Everton hold talks over investment offer

Everton have confirmed they have had talks with a London-based consortium over investment into the newly-qualified Champions League club.

Everton have confirmed they have had talks with a London-based consortium over investment into the newly-qualified Champions League club.

The Premier League’s fourth placed outfit have been involved in talks with several interested parties in the past months, and it is believed that a group led by former Tottenham director Howard Shore is not considered a ’hostile’ approach.

Everton chief executive Keith Wyness said today: “There have been some preliminary talks. But we have talked to several parties and always have an open mind about such things.

“We obviously have a duty to look seriously at any offers that come along.”

This approach comes from Shore’s group little over a year after he resigned as a Spurs director following a disagreement with chairman Daniel Levy over plans for a rights issue.

The Daily Telegraph reports that Shore’s interest in Everton came about when he was introduced to agent Jon Smith by Jonathan Metliss, who is a friend of Shore’s and also Smith’s lawyer. Crucially, Smith is also a friend of Everton chairman Bill Kenwright.

The Shore consortium includes Everton fan and London media man Keith Young, and the club would almost certainly see it as a welcome involvement rather than some recent moves to buy into the Goodison Park set-up that would be seen as putting pressure on Kenwright’s position as owner and chairman.

There have been suggestions that director Paul Gregg – a long standing opponent of Kenwright’s – has been approached by Chester chairman Stephen Vaughan to buy shares.

Gregg has denied such a move but Vaughan has confirmed he has been involved in talks, and would need around £8m (€11.8m) to buy the 23.2% stage that Gregg holds.

For much of last season, following last summer’s boardroom rumpus and power battle between Kenwright and Gregg, there have been moves to involve a Geneva-based group the Fortress Sports Fund, who claimed to be prepared to inject £12m (€17.8m) into the club with a potential for more in return for a stake in the Merseysiders.

But although there have been many promises, that money has not arrived in Everton’s bank account amid claims that the Fund wanted total support for their move before releasing the cash which they insist is in place.

That deal was set up by Kenwright and was not greeted with wholesale support from Gregg, hence the failure for the cash to find it’s way into Everton’s hands. That deal has slipped quietly into the background.

It has been believed for some time that Gregg would like to sell his family stake -- held jointly with wife Anita – of around 8,000 shares, because although he can publicly question the running of the club he cannot break the majority control that Kenwright and deputy chairman Jon Woods have at Goodison.

But since Everton’s return to Europe and the cash rewards that will bring, Kenwright is under nowhere near as much pressure to sell or allow outside investment as he was last summer.

Then Everton were almost ripped apart by a summer of discontent, which even threatened the future of boss David Moyes. But the performances on the pitch have left Kenwright in a rock-solid position and able to pick and choose any new investment partners.

Everton are expected to make a profit this year and Moyes has been given money to spend in the transfer market. He has already bought Simon Davies and has bids in for Mikel Arteta, Mikael Forssell and Scott Parker.

Forssell is expected on Merseyside for a medical and talks on personal terms when he has completed international duty with Finland this week, but the Parker deal is nowhere near as close to completion.
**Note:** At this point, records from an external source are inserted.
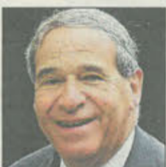
No action... Lord Brittan

Beech's groundless claims were not the only ones made against VIPs in the aftermath of the Savile scandal. The police watchdog oversaw investigations into 37 cases of alleged cover-ups of child sexual abuse by establishment figures. None resulted in any prosecutions.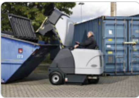
Variable dump height of up to 62 inches allows fast and simple disposal of swept debris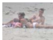
'Teen Mom' Jenelle In A Bikini, Surrounded...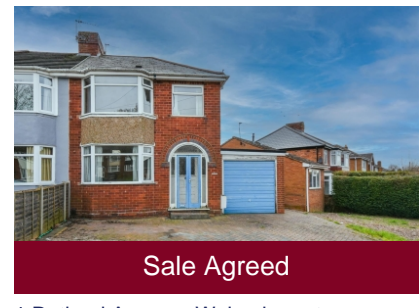
1 Rutland Avenue, Wolverhampton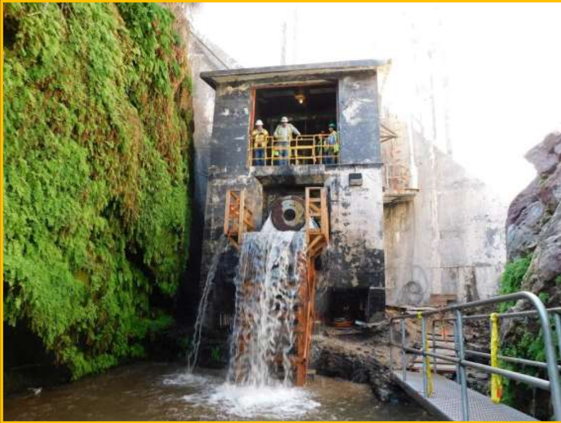
Draining Discharge Tunnel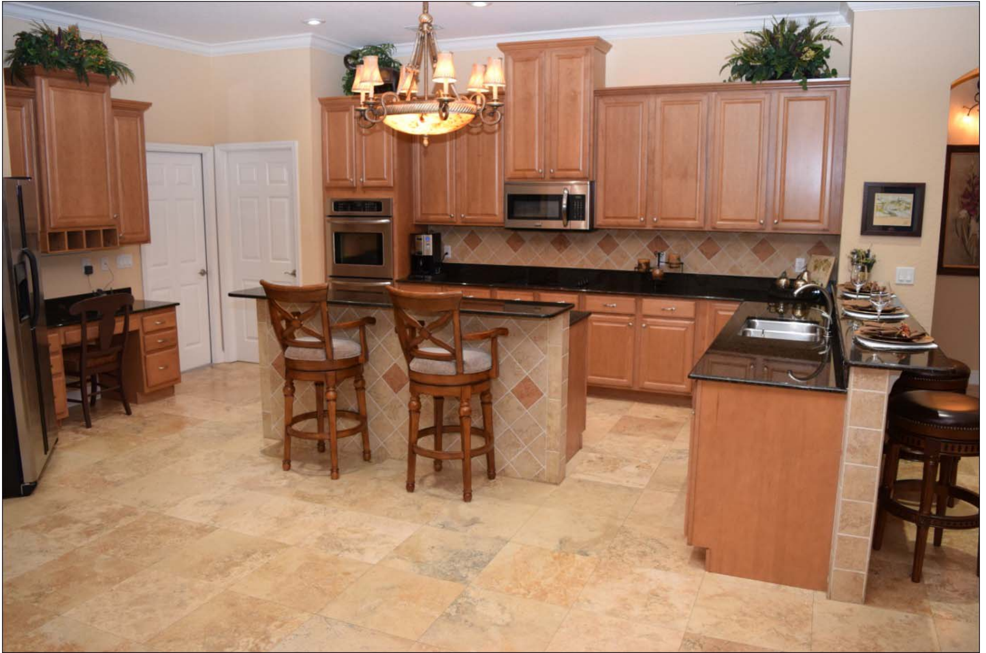
Kitchen w/ granite counters, backsplash & much more 20' x 14'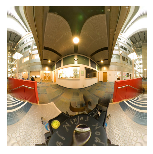
Figure 5: Adams World in a Square 1. There is emphasis in the poles while maintaining the areas closer to the horizon. The tripod used to take these photos is clearly discernible. Compare this image to figure 1.

Adams presented his projections in 1925 [Ada25]. They present the entire sphere in a conformal manner. The I exaggerates the size of objects along the poles but it is otherwise a good representation of the viewable sphere. The II presents the world in a square that is rotated 45 degrees. Both can be tessellated, with aesthetically interesting results. Figure 5 shows how the poles are well represented with this projection.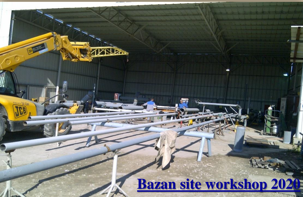
Bazan site workshop 2020

Equipment and structural steel erection.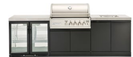
TC4K-10 Double side cabinets with 1x flat bench top, under bench sink and double fridge

Wanting to get the most out of your outdoor space? CROSSRAY offers space-saving BBQ solutions for the avid griller. Entertaining is now possible for everyone, regardless of space.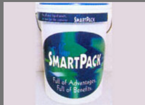
Superior Design with Larger Print Area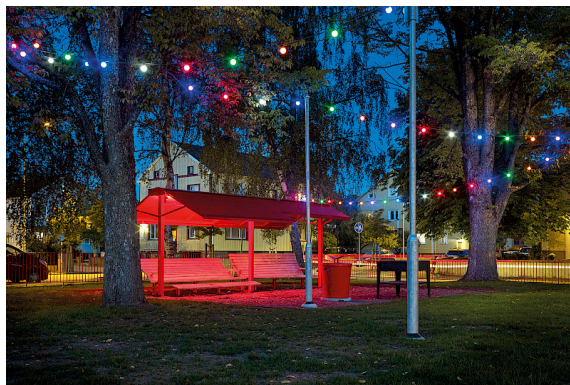
Badhusparken i Vara.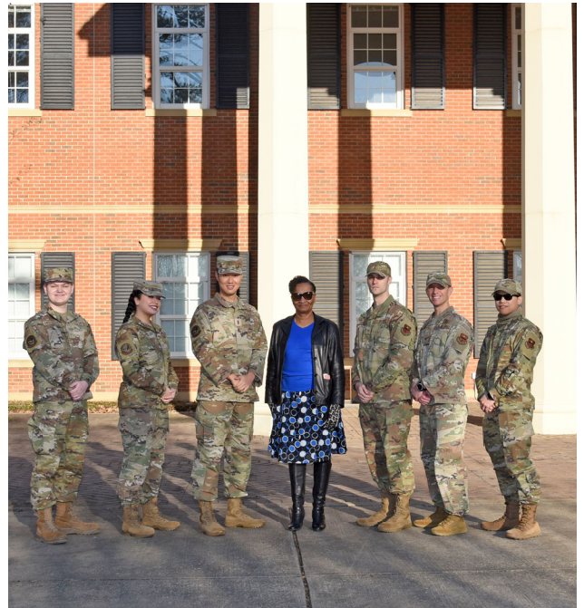
Mission Support Group Base Operations Services Support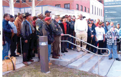
CVO press conference at the kick-off of the Washington, DC trip.

CVO has been active over the years. The first major action was to take over 100 veterans and three buses to Washington, D.C. The city of Country Club Hills supported this effort. In Washington, the veterans met with and briefed our Congressional representatives and senators. The meetings lasted all day and were deemed quite successful. Besides numerous individual Congressmen, we met with the Senate Veterans Affairs Committee. A smaller group returned to Washington in 2008, carrying the message of the need for universal health care without copayments for all veterans.

Everton have made £12m (€17.8m) already following their Premier League success from TV and merit money, and could add over £20m (€29.6m) if they reach the Champions League group stages.

Moyes and his team have transformed the club financially and given Kenwright as much breathing space as he needs, so he does not have to chase cash from investors who would eventually weaken his control of the club.

Shore’s group, say Everton sources, are considered to be a friendly involvement which would add more cash to the previously impoverished club while also backing and strengthening Kenwright’s control.